Preso três vezes pelos crimes de tráfico de drogas, associação criminosa e homicídio, Gilmar explica que chegou a não ter esperança na vida, principalmente porque dentro das penitenciárias o crime e o consumo de drogas é muito comum. “Tudo que eu tinha construído se acabou. É como se a droga me consumisse e eu não tinha mais forças para tentar me libertar”.
Dentro da Penitenciária Professor Barreto Campelo, em Itamaracá, no Litoral Norte de Pernambuco, no mesmo lugar onde se viu sem rumo, Gilmar tirou forças para se livrar do vício. “Eu estava muito drogado em uma certa noite e ali eu comecei a falar não queria mais aquilo para mim. Essa noite foi inesquecível porque há três anos eu não uso mais nada”, celebra o ex-dependente químico.
Longe das salas de aula e fora do mercado de trabalho, os ex-usuários de drogas lidam diariamente com o preconceito e a falta de oportunidades. A dependência química afeta cerca de 5% da população brasileira, índice que representa mais de 8 milhões de pessoas.
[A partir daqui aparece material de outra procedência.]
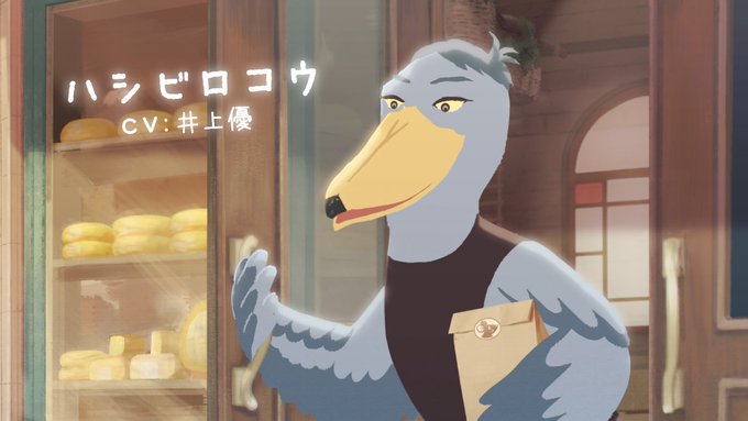 【キャラクター紹介】 🦤ハシビロコウ(cv:井上優)🦤 -・-・-・-・-・-・-・-・-・-・-・-・ 「マウスチーズ」の常連客で、うーにゃんにも親切な紳士。キャラクターはクラウドファンディングのにがおえキャラ出演コースで決まりました! #子猫の配達員うーにゃん #DeliveryKittenUnyan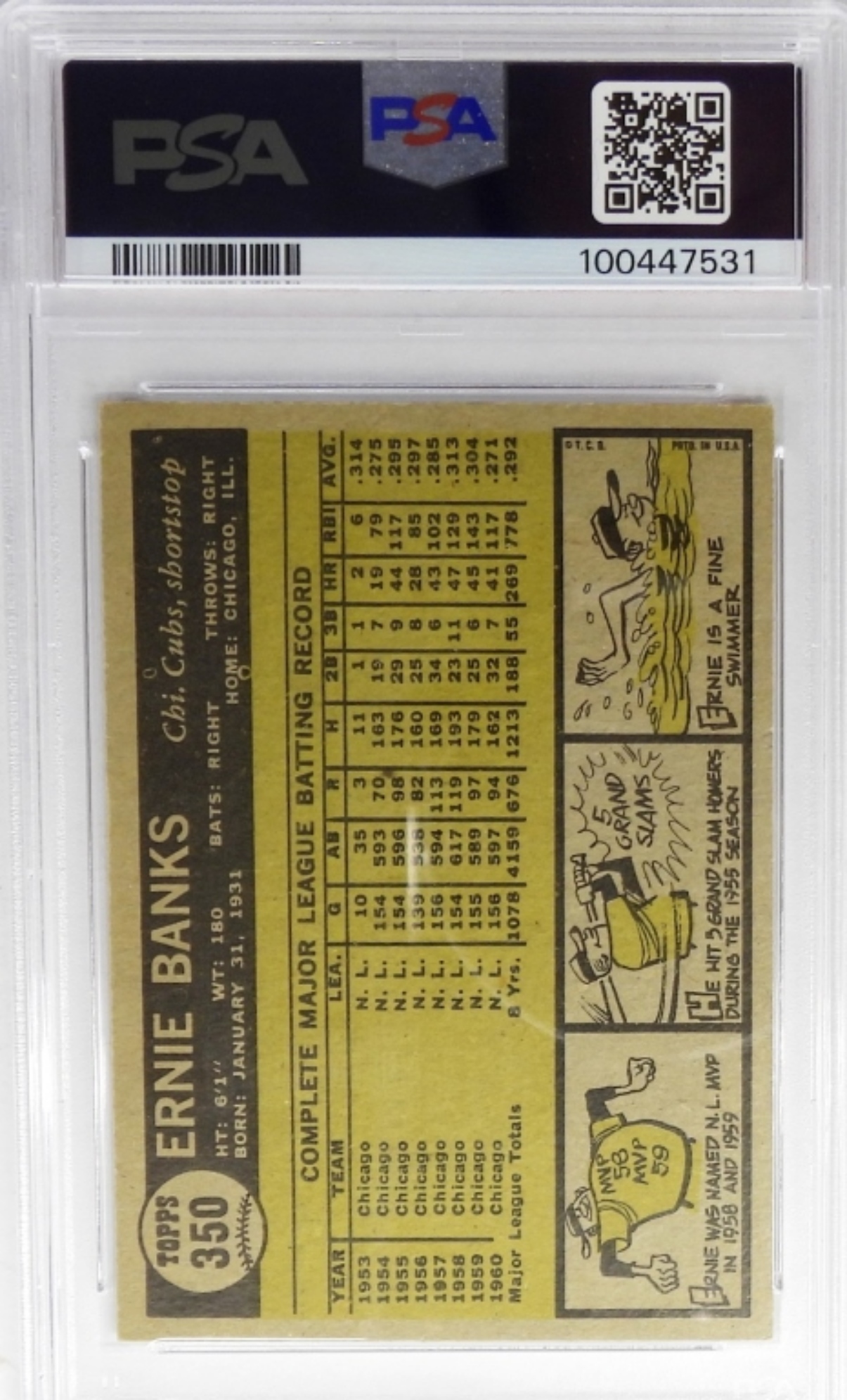 1961 TOPPS #350 ERNIE BANKS PSA 4 VG-EX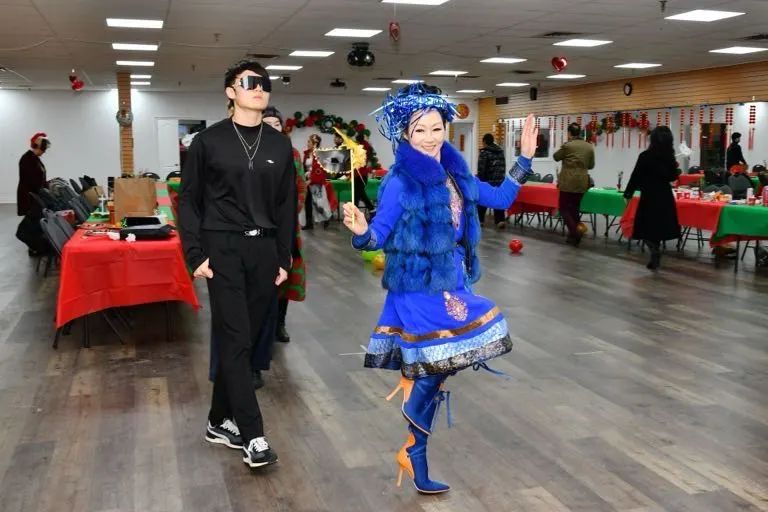 伴随着熟悉而欢快的旋律,全体嘉宾齐声合唱了经典圣诞歌曲《铃儿响叮当》(Jingle Bell)。悠扬的歌声在大厅中回荡,与窗外飘舞的雪花交相辉映,将人们带入了一个愉快而热烈的节日世界。紧接着,嘉宾们盛装亮相,在辛老师的带领下,大家纷纷戴上或手拿色彩缤纷的面具自信地在大厅里走秀,展示各自的节日风采与创意装扮,为舞会增添了无限的趣味与惊喜。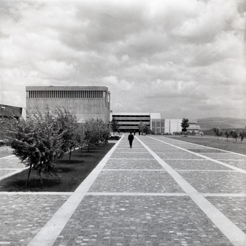 The idea of growing into a technical university and moving into a campus was inscribed in the initial institute. The UN-supported faculty had been working on competing schemes for the campus master plan for a few years when constructing one became economically feasible in 1959. Their proposal, devised for a hill on the city’s outskirts, composed the departments around a large courtyard, which was inspired by the Roman forum and the Jeffersonian campus plan for the University of Virginia. After a failed attempt to reproduce this scheme in partnership with a Turkish architect through a design competition—due to disciplinary authority conflicts—, the site was replaced with the current campus land. A new round of competitions followed. The campus we know today is the product of the design competition which Behruz and Altuğ Çinici, an architect couple, both graduates of Istanbul Technical University, won in 1960.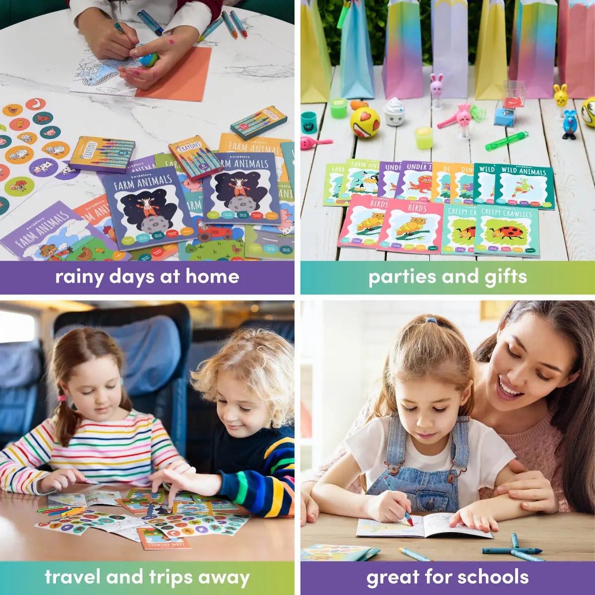 Mit einer handlichen Grösse von 15 x 11 x 5 cm sind die Bücher perfekt für unterwegs. Ob auf Reisen, beim Warten oder als ruhige Beschäftigung zu Hause – sie passen in jede Tasche und kleine Hände. Zudem wirkt das Malen beruhigend und hilft Kindern, sich zu entspannen und den Alltag hinter sich zu lassen.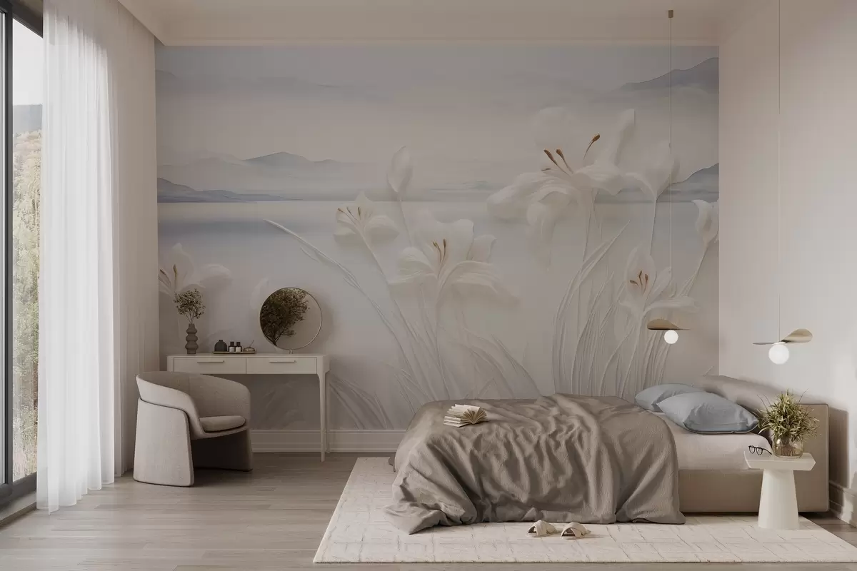 Фотошпалери Білі лілії з довгими стеблами і листям, гори і озеро на задньому плані, мінімалістична пейзажна композиція w09206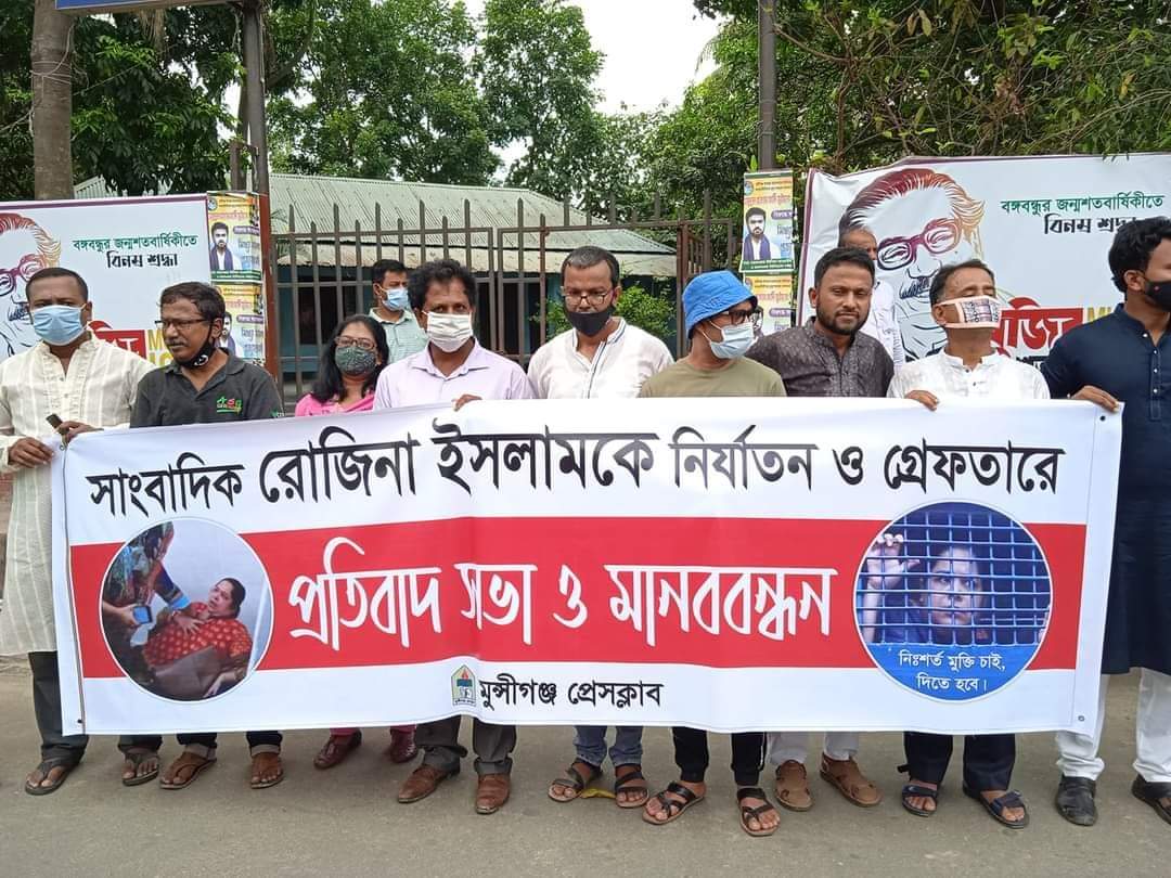 সাংবাদিক রোজিনা ইসলামের বিরুদ্ধে দায়ের করা মামলাকে মিথ্যা ও ষড়যন্ত্রমূলক মামলা প্রত্যাহার, অবিলম্বে তাঁকে নিঃশর্ত মুক্তি দেওয়া ও তাকে হেনস্থ্যাকারীদের বিরুদ্ধে আইনগত ব্যবস্থা গ্রহনের দাবি জানিয়েছেন মুন্সিগঞ্জের সাংবাদিক নেতারা।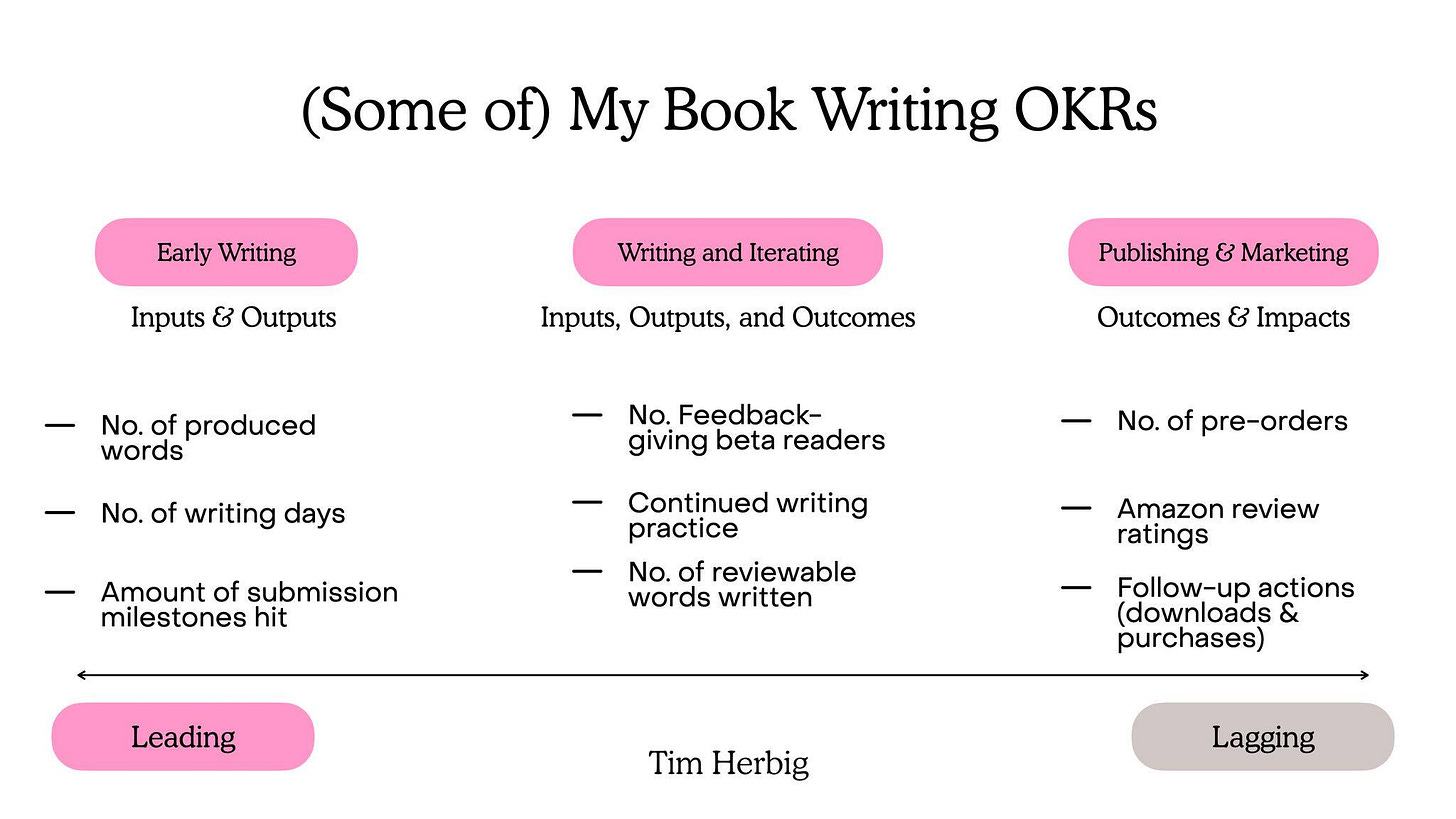 Często na szkoleniach ten przykład też się pojawia, czyli OKR dla osoby, która pisze książkę. Tim sam się realnie z tym zderzył, bo… pisze książkę :P.

Há tratamentos na rede de saúde pública, mas reinserir essas pessoas no mercado profissional ainda é um tabu.
Para o diretor regional do Serviço Nacional de Aprendizagem Industrial em Pernambuco (Senai), Sérgio Gaudêncio, não há essa facilidade para o mercado de trabalho, mas muitas empresas reservam vagas especiais para esse público. “O preconceito existe, mas tenho percebido que isso vem mudando com os tempos. A participação dos que já foram dependentes de droga é fundamental nesse processo. Eles precisam reivindicar esses espaços que precisam ser deles também”, disse.
Ao todo, 460 pessoas foram beneficiadas por esta parceria entre a Secretaria Executiva de Políticas sobre Drogas (Sepod) da PCR e o Senai, que ofereceu cursos de mantenedor de sistemas automatizados, eletricista industrial, operador de computador, panificação e pedreiro de alvenaria. As aulas foram realizadas em unidades móveis do Senai, na escola Senai de Areias e no Instituto dos Cegos.